Investigaciones previas indican que las personas con discapacidad intelectual dan importancia a establecer relaciones íntimas y subrayan su papel en la consecución de una "vida buena", además de ayudar a aumentar su independencia. No obstante, estas personas ven sus derechos en materia de sexualidad vulnerados, enfrentándose a menudo a la denegación de la posibilidad de mantener relaciones, querer o tener hijos y cuidar de ellos. Se remarca la opresión que sufren en relación con su intimidad y dignidad, así como los prejuicios que relacionan la discapacidad con la incompetencia, incapacidad o asexualidad.

Herramientas y tecnologías facilitadoras

La sexualidad inclusiva no debería verse como algo anecdótico o alternativo. En esta línea, el mercado ha comenzado a adaptarse y diversas instituciones promueven la creación de herramientas para la autonomía sexual.

Dispositivos de asistencia sexual del SENADIS (Chile)

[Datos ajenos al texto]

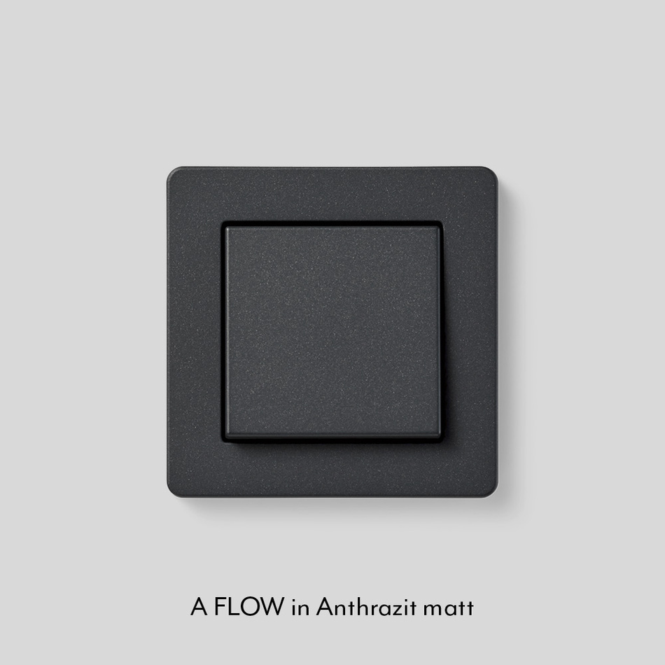 Die Schalterprogramme A CREATION, A 550 und A FLOW in Anthrazit matt bestehen zu 95 % aus Rezyklat nach DIN EN ISO 14021 und sind nachhaltig und ressourcenschonend. Das Rezyklat ist ein Material, das durch die Aufbereitung und Wiederverwertung von Kunststoffabfällen gewonnen wird. Im Recyclingprozess werden Wertstoffe gesammelt, sortiert, gereinigt und anschließend mechanisch zerkleinert. Dieses Material wird dann geschmolzen und zu Rezyklat verarbeitet, wie es in der DIN ISO 14021 beschrieben ist. Für diesen Prozess kommt Energie aus Wasserkraft zum Einsatz, um konsequent nachhaltig zu produzieren. Die so hergestellten Rahmen und Abdeckungen für Lichtschalter, Taster, Drehdimmer und Steckdosen von JUNG decken ein breites Anwendungsspektrum ab – von der konventionellen Installation bis zum Smart Home.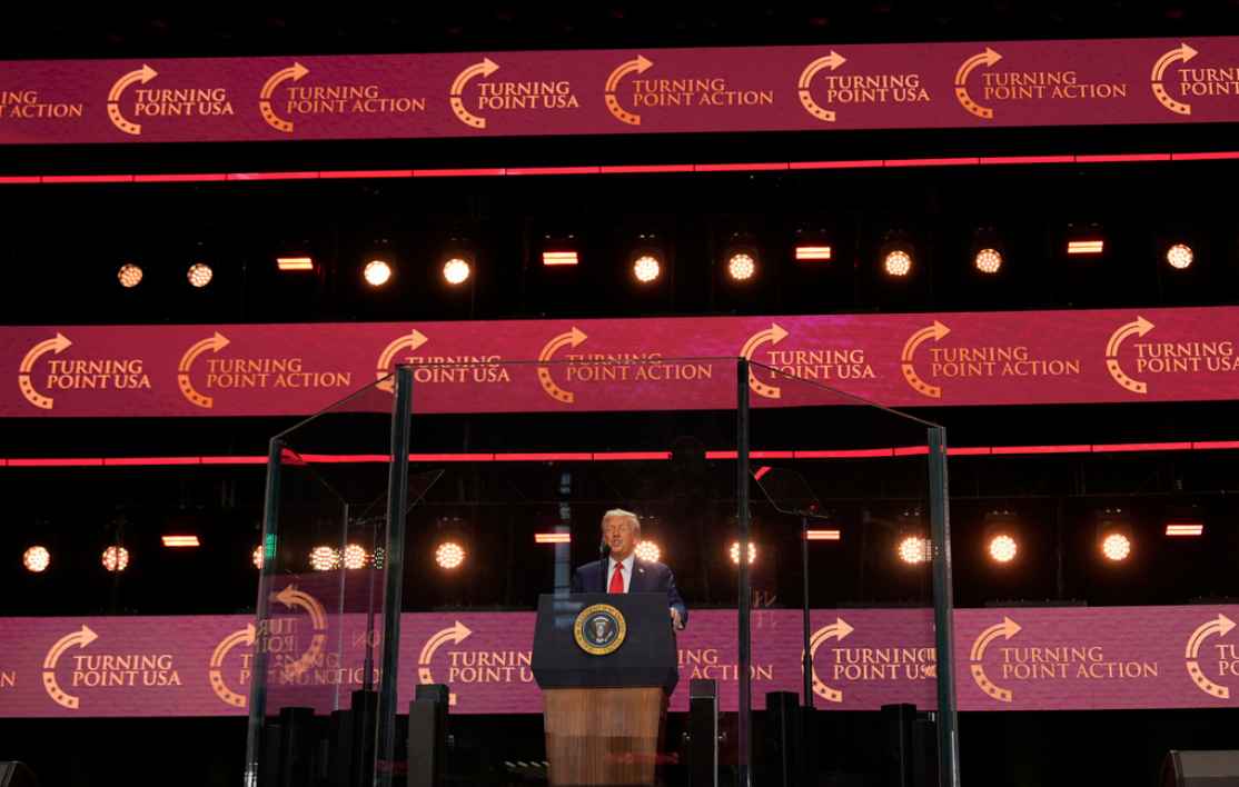 La presencia más disruptiva en el escenario por el funeral de Charlie Kirk -un evento masivo donde hablaron Donald Trump y buena parte de su administración- tal vez fuera la estructura de hierro y cristal antibala que protegía el atril encabezado por el sello presidencial de Estados Unidos.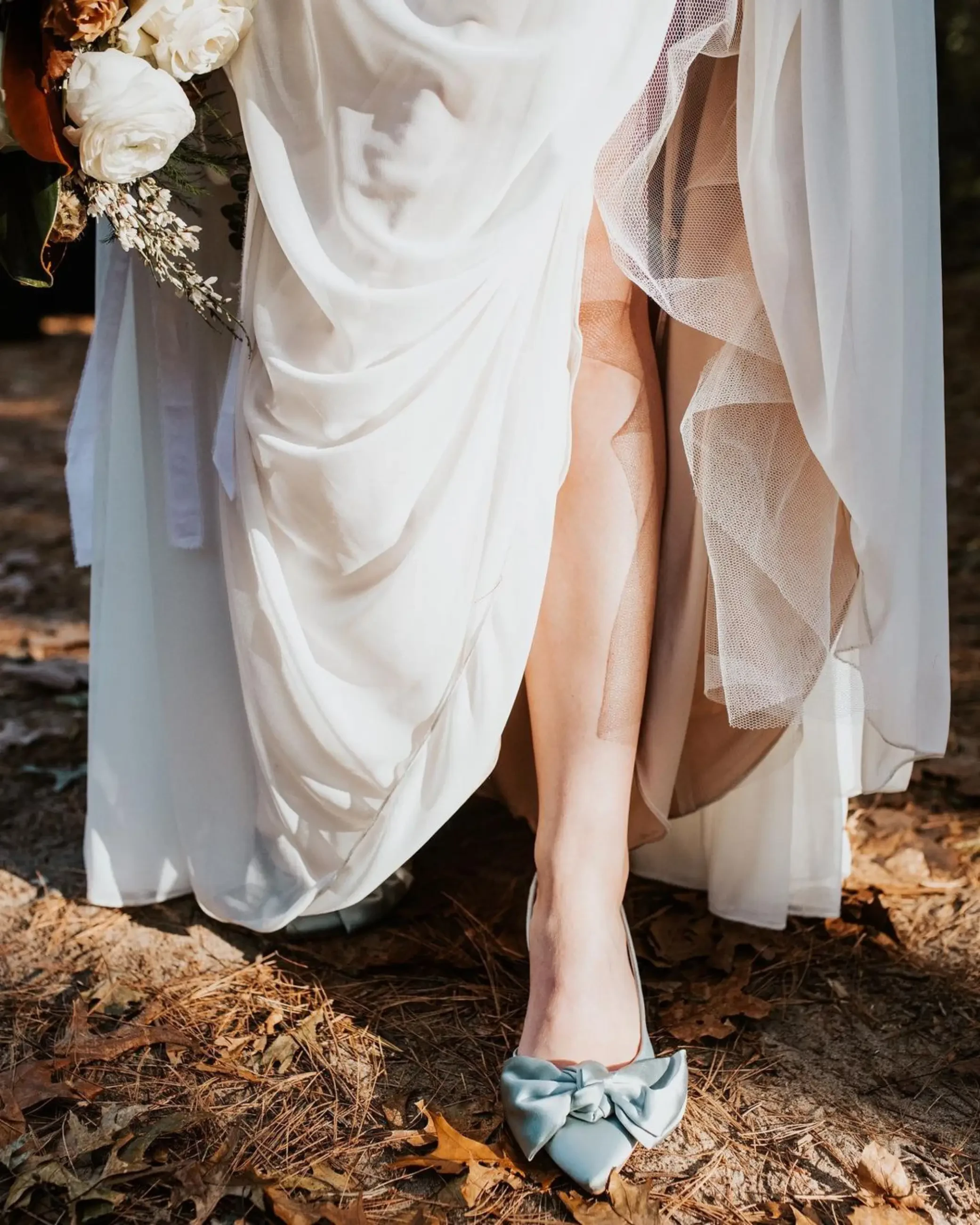 Most wedding gowns are actually off white/light ivory, and if yours is also, be sure to avoid shoes that are stark white—they’ll look too “white-white” next to your dress.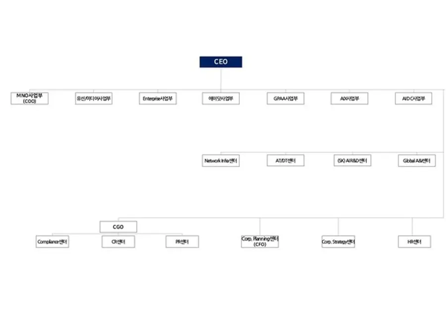 SK텔레콤이 28일 공고한 정기주주총회 소집공고에 첨부된 2025년 2월 현재 조직도다.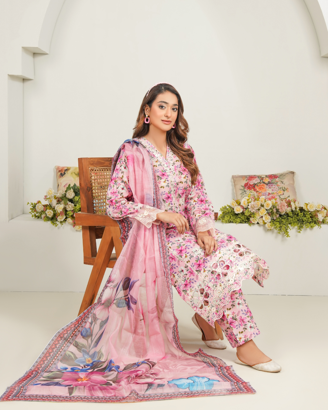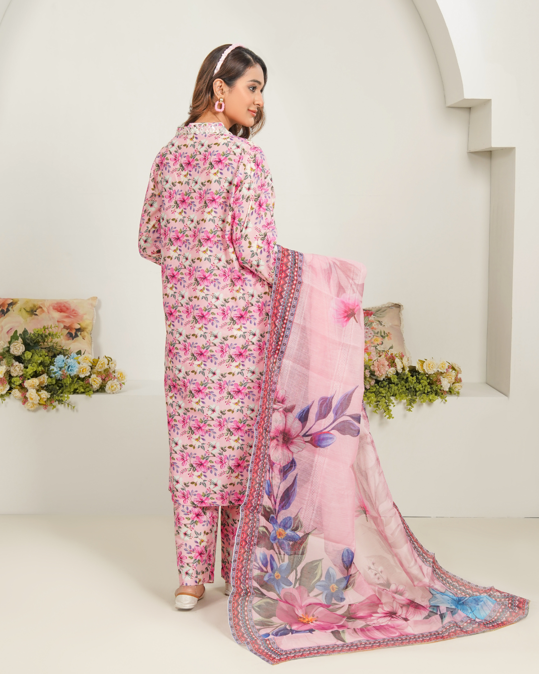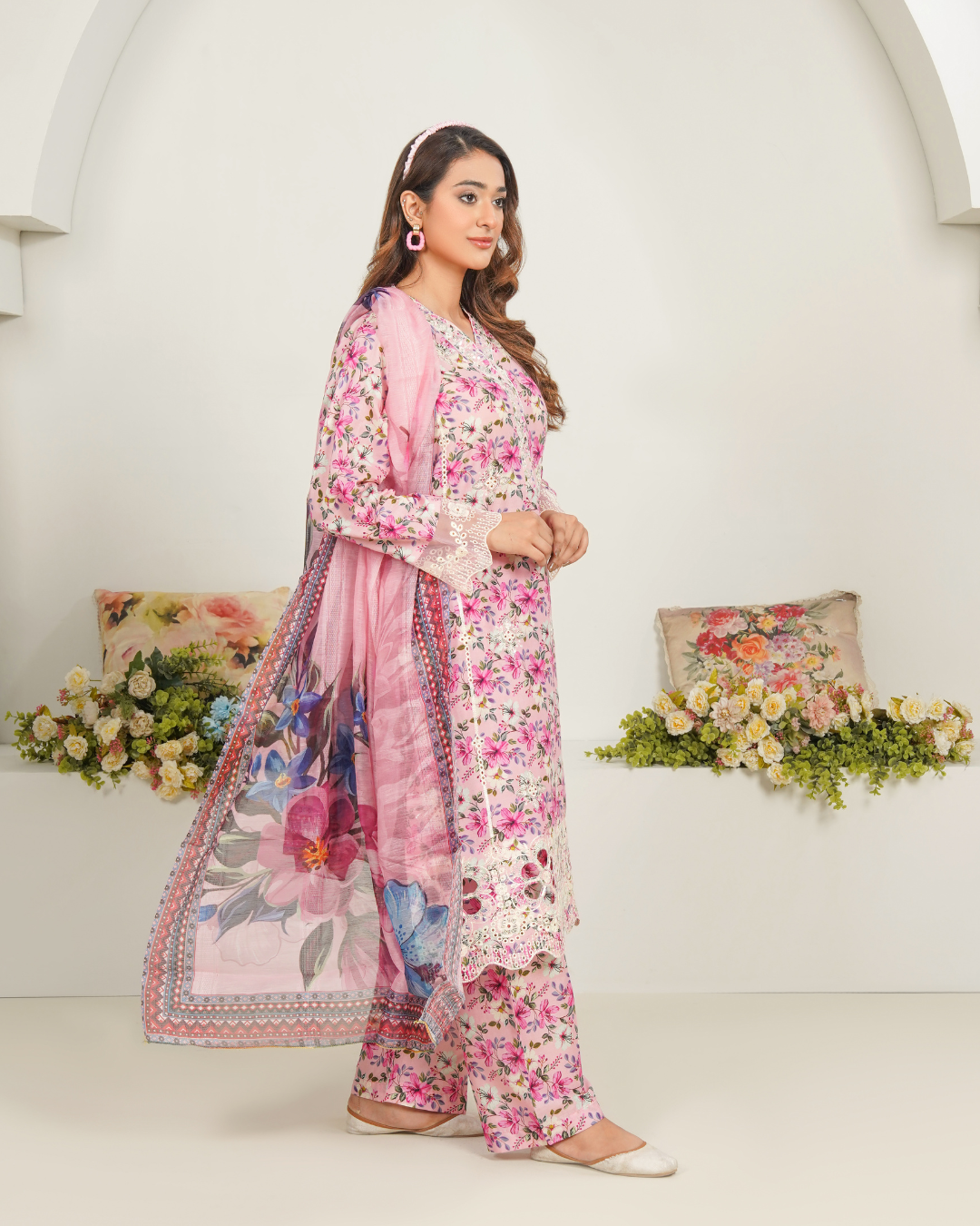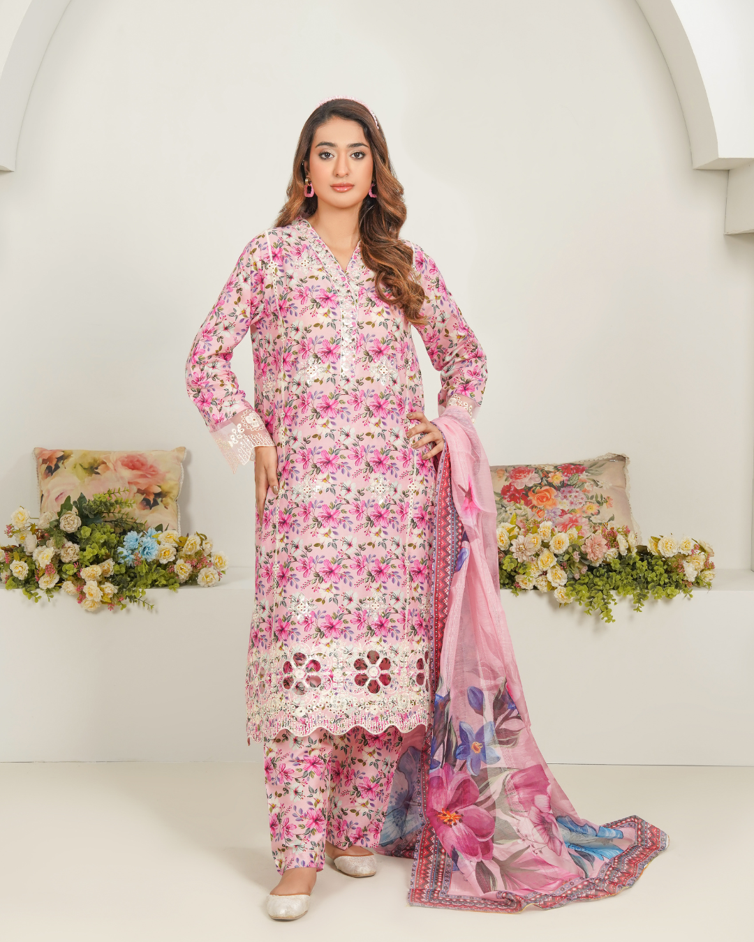 Bring a breath of fresh elegance to your wardrobe with our Blushing Flora Lawn Suit. This enchanting outfit features a soft pink base adorned with delicate floral prints, creating a look that’s both graceful and vibrant. The kurta is beautifully detailed with intricate lace on the sleeves and hem, adding a refined touch. A stunning chiffon dupatta with bold floral patterns completes the ensemble, making it perfect for summer luncheons, casual gatherings, or simply to brighten your everyday style.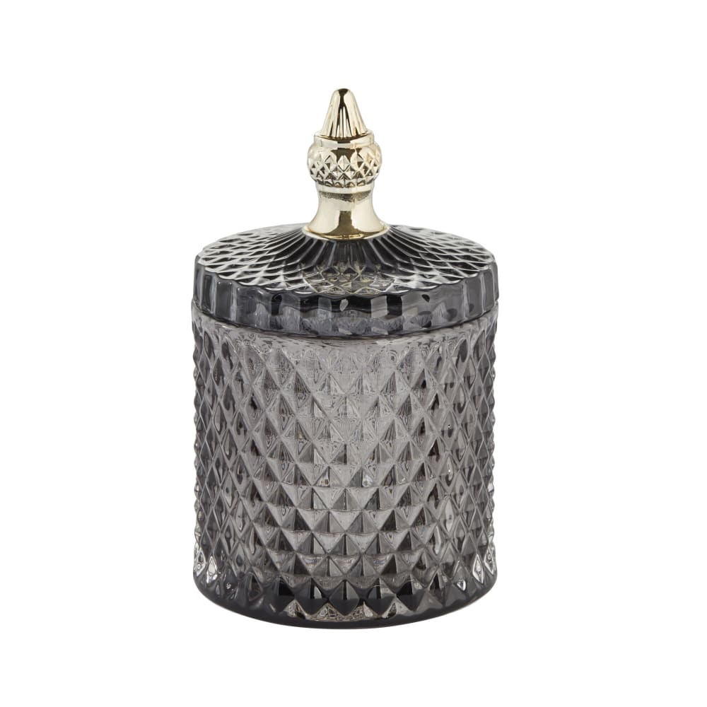 Miya Glasburk i mörkgrått och guld är en konstnärlig chic detalj för ditt hem. Förvara smycken eller små prydnader i denna elegant designade burk. Med sina vackra mönster passar den perfekt för att skapa personlig atmosfär i både badrummet och på din byrå. En mångsidig och stilfull inredningsdetalj från LENE BJERRE.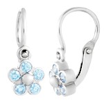 | Náušnice dětské bílé zlato Květinka světle modré zirkony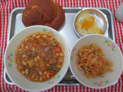 パン ポークビーンズ たぬきサラダ フルーツ缶 牛乳

En Chile, el Servicio Nacional de la Discapacidad (SENADIS) elaboró en 2019 el documento “Sexualidad e inclusión de personas con discapacidad”, donde se detallan una serie de dispositivos diseñados para personas con discapacidades físicas. Su objetivo es facilitar el placer y la autonomía:

  • Vibradores de cabezal amplio con mango largo: No requieren fuerza ni gran precisión, ideales para personas con movilidad limitada en brazos o manos.
  • Vibrador lingual ajustable: Pequeño y adaptable mediante una cinta elástica, se coloca en la lengua y puede usarse con o sin funcionalidad en las extremidades.
  • Dispositivo acolchado para muslo: Se sujeta al muslo y permite insertar un dildo o juguete sexual.
  • Tubo semirrígido con oscilador: Incorpora un oscilador que puede inducir eyaculación, incluso en personas con daño medular.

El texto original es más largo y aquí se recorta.